How WebSockets Fail (And What to Monitor)
WebSocket failures fall into three categories, each requiring different monitoring approaches:
| Failure Type | Symptom | What to Monitor |
|---|---|---|
| Upgrade failure | HTTP 426/400 instead of 101 Switching Protocols | WS connection success rate |
| Dropped connection | Connection closes unexpectedly (close code 1006) | Abnormal close rate |
| Message delivery failure | Messages sent but not received | Message round-trip latency |
| Connection limit hit | New connections refused | Active connection count |
| Silent drop | TCP connection alive, but no messages delivered | Keepalive/heartbeat tracking |
Layer 1: WebSocket Connectivity Check
The most basic check: can a client establish a WebSocket connection? This verifies the upgrade handshake, TLS (for wss://), and that the server is accepting connections.
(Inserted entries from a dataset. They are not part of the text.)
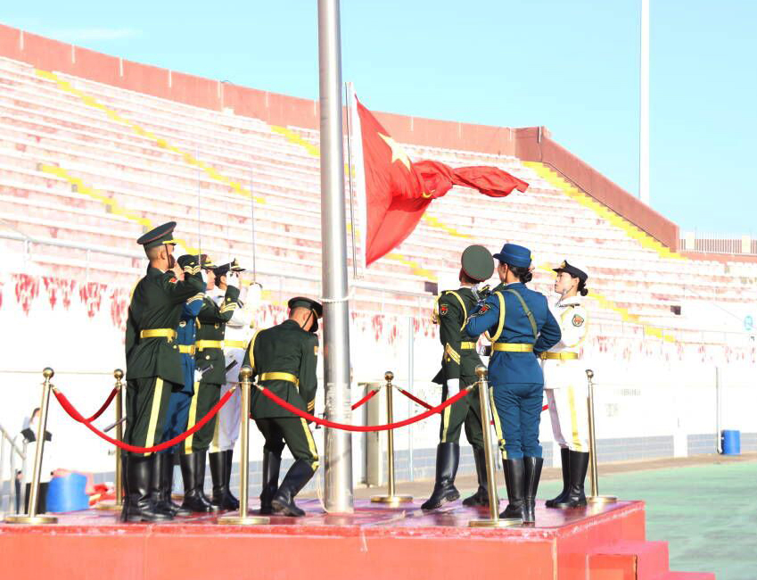 全体起立,升国旗,奏唱国歌。学校国旗护卫队迈着整齐而坚定的步伐,护送着鲜艳的五星红旗走向升旗台。伴随着激昂的国歌声奏响,全场肃立,注目着国旗缓缓升起。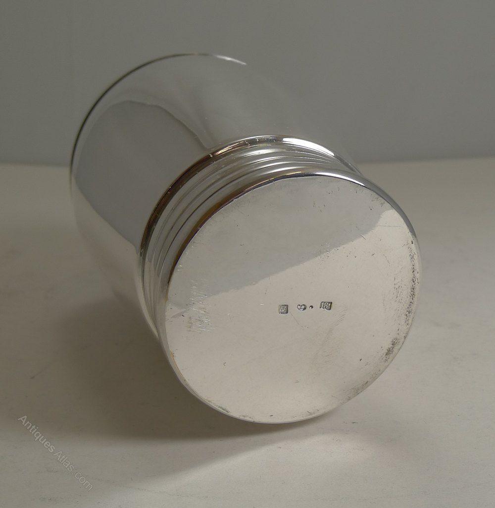 A fabulous quality French cocktail shaker, a hefty weight and solidly made. Just back from our silversmith, where it has been professionally refurbished to it's former glory.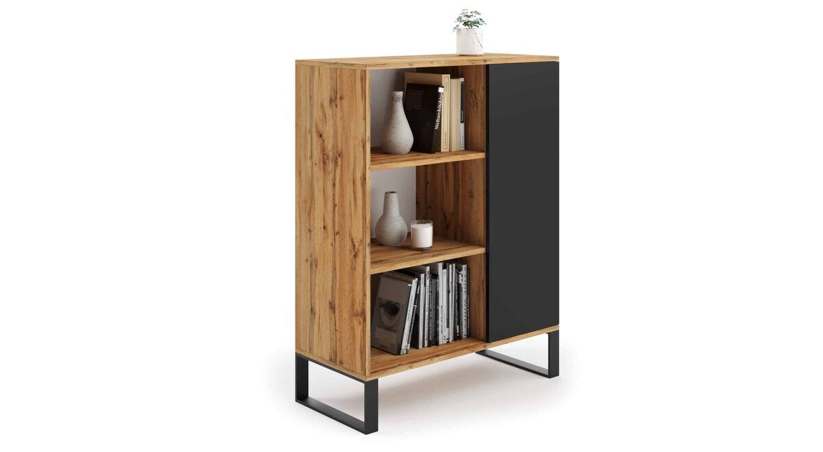 Spintelė Fondi 116,4x90x40 cm, natūralios medžio ir juodos spalvos, yra puikus pasirinkimas jūsų namų interjerui. Priekis ir korpusas pagaminti iš 18 mm storio laminuotos baldinės plokštės, kuri yra padengta iš abiejų pusių. Visi kraštai kruopščiai padengti ABS apvadu, užtikrinant ilgaamžiškumą ir estetinį vaizdą.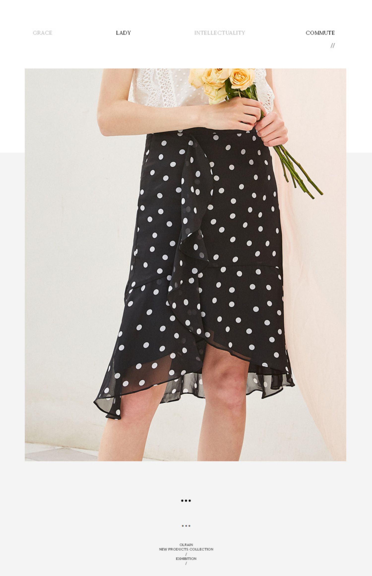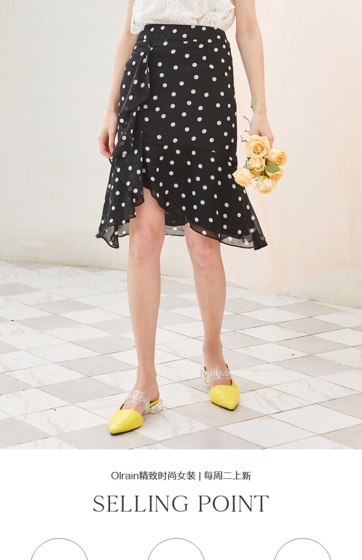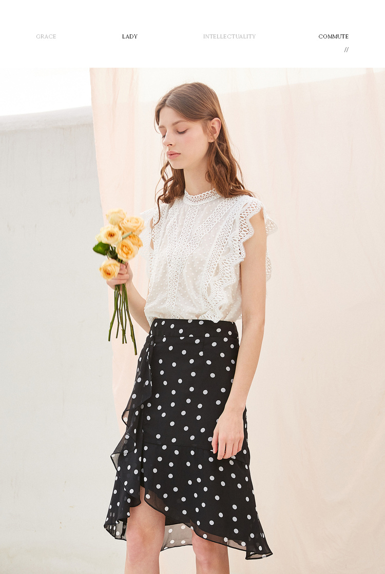 欧芮儿夏装2019新款女装黑白波点鱼尾裙女中长款不规则荷叶边裙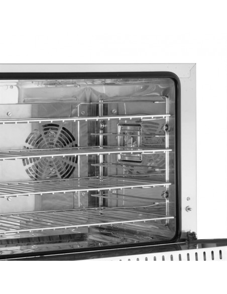 Equipped with a high-performance convection fan, the oven ensures rapid heat-up times and even temperature distribution throughout the chamber—essential for uniform baking and perfect finishes. The push-button steam injection function, powered by an integrated water pan, helps maintain moisture levels for improved texture and crust development, without the need for a mains water connection.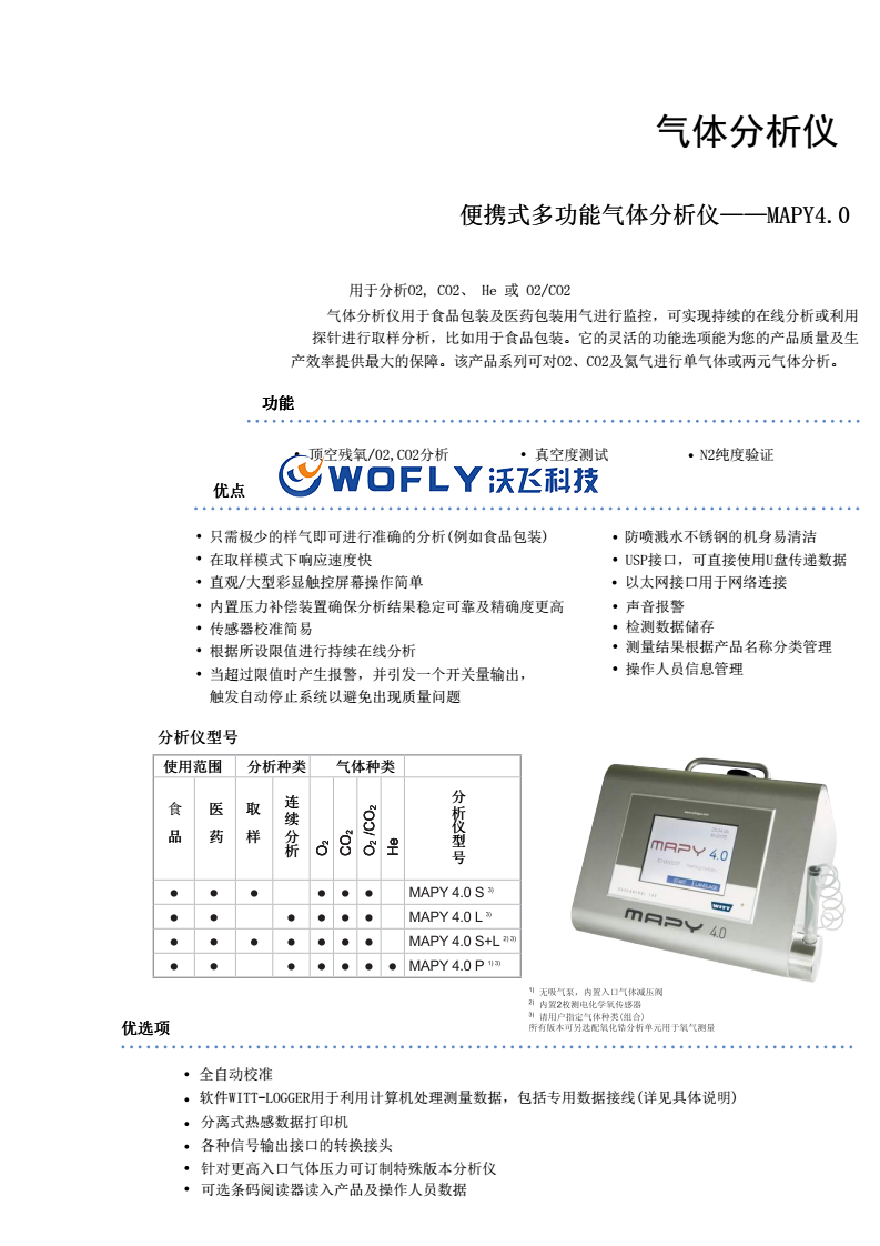 全自動校準(zhǔn)軟件WITT-LOGGER用于利用計算機處理測量數(shù)據(jù),包括專用數(shù)據(jù)接線(詳見具體說明)分離式熱感數(shù)據(jù)打印機各種信號輸出接口的轉(zhuǎn)換接頭針對更高入口氣體壓力可訂制特殊版本分析儀便攜式多功能氣體分析儀——MAPY4.0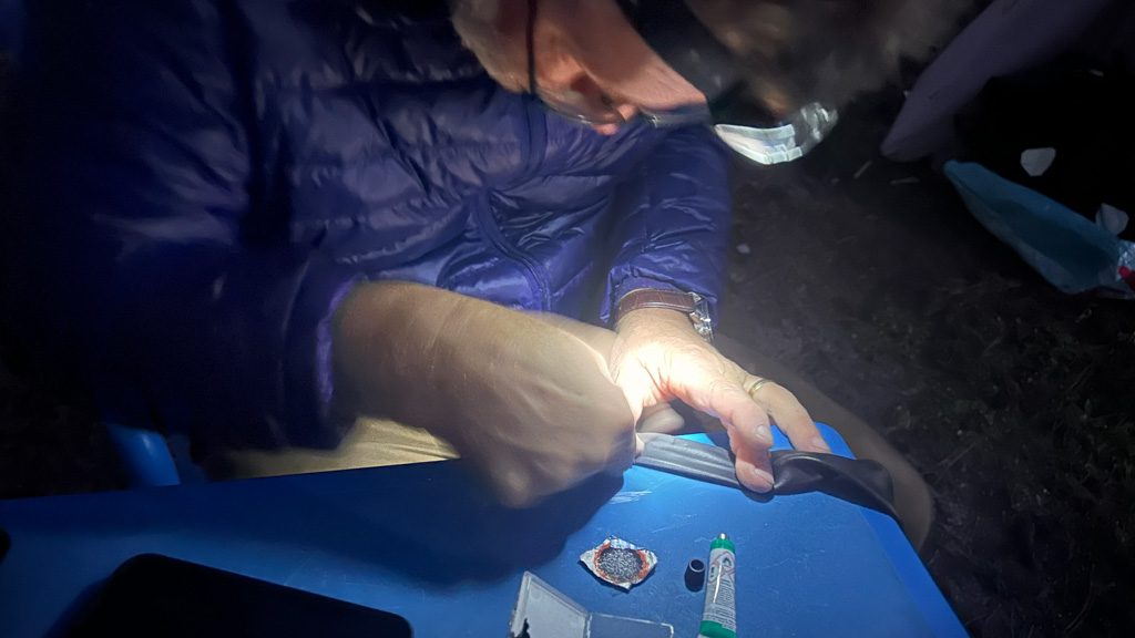 Notgetrungen musste ich letzte Nacht einmal in einer Regenpause das Zelt verlassen schliesslich habe ich nicht, wie der Zweite im Team, ein so praktisches, flaschenähnliches Gadget um die Notdurft zu verrichten.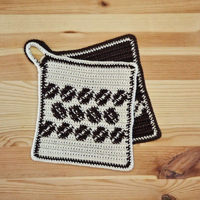 Diese Topflappen sind der Klassiker unter den gehäkelten Topflappen. Sie schützen die Hände nicht nur vor z.B. zu heißen Topfgriffen, sondern sie verschönern auch jede Küche. Gleichzeitig können sie auch als Untersetzer verwendet werden.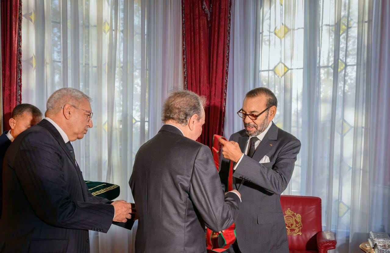 كما استقبل جلالته، أعزه الله، السيد أحمد لحليمي علمي، المندوب السامي للتخطيط سابقا، ووشحه جلالته بالحمالة الكبرى لوسام العرش”.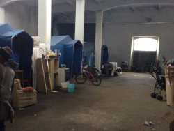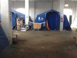 La tendopoli all'interno dell'edificio ex-Set, in via Brigata Regina, nel quartiere Libertà di Bari, che ospita 150 rifugiati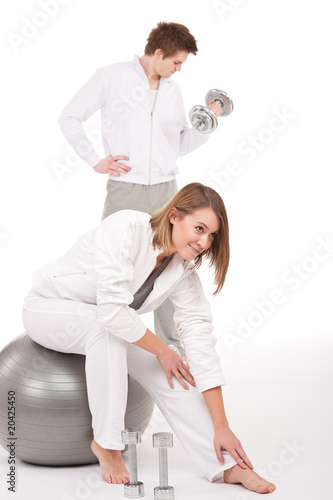 Obraz premium Fitness - Young couple training with weights and ball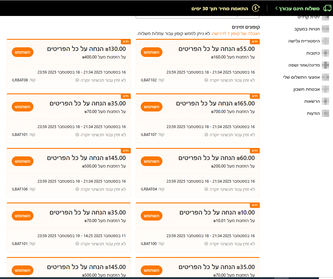 אבל כשאני פותחת קופונים כתוב לי שאין קופונים זמינים

// Node.js WebSocket connectivity check
const WebSocket = require('ws');
function checkWebSocket(url, timeout = 5000) {
return new Promise((resolve, reject) => {
const ws = new WebSocket(url);
const timer = setTimeout(() => {
ws.terminate();
reject(new Error('Connection timeout'));
}, timeout);
ws.on('open', () => {
clearTimeout(timer);
ws.close(1000, 'health check');
resolve({ status: 'healthy', latency: Date.now() - startTime });
});
ws.on('error', (err) => {
clearTimeout(timer);
reject(err);
});
const startTime = Date.now();
});
}
// Usage
checkWebSocket('wss://api.example.com/ws')
.then(result => console.log('Healthy:', result))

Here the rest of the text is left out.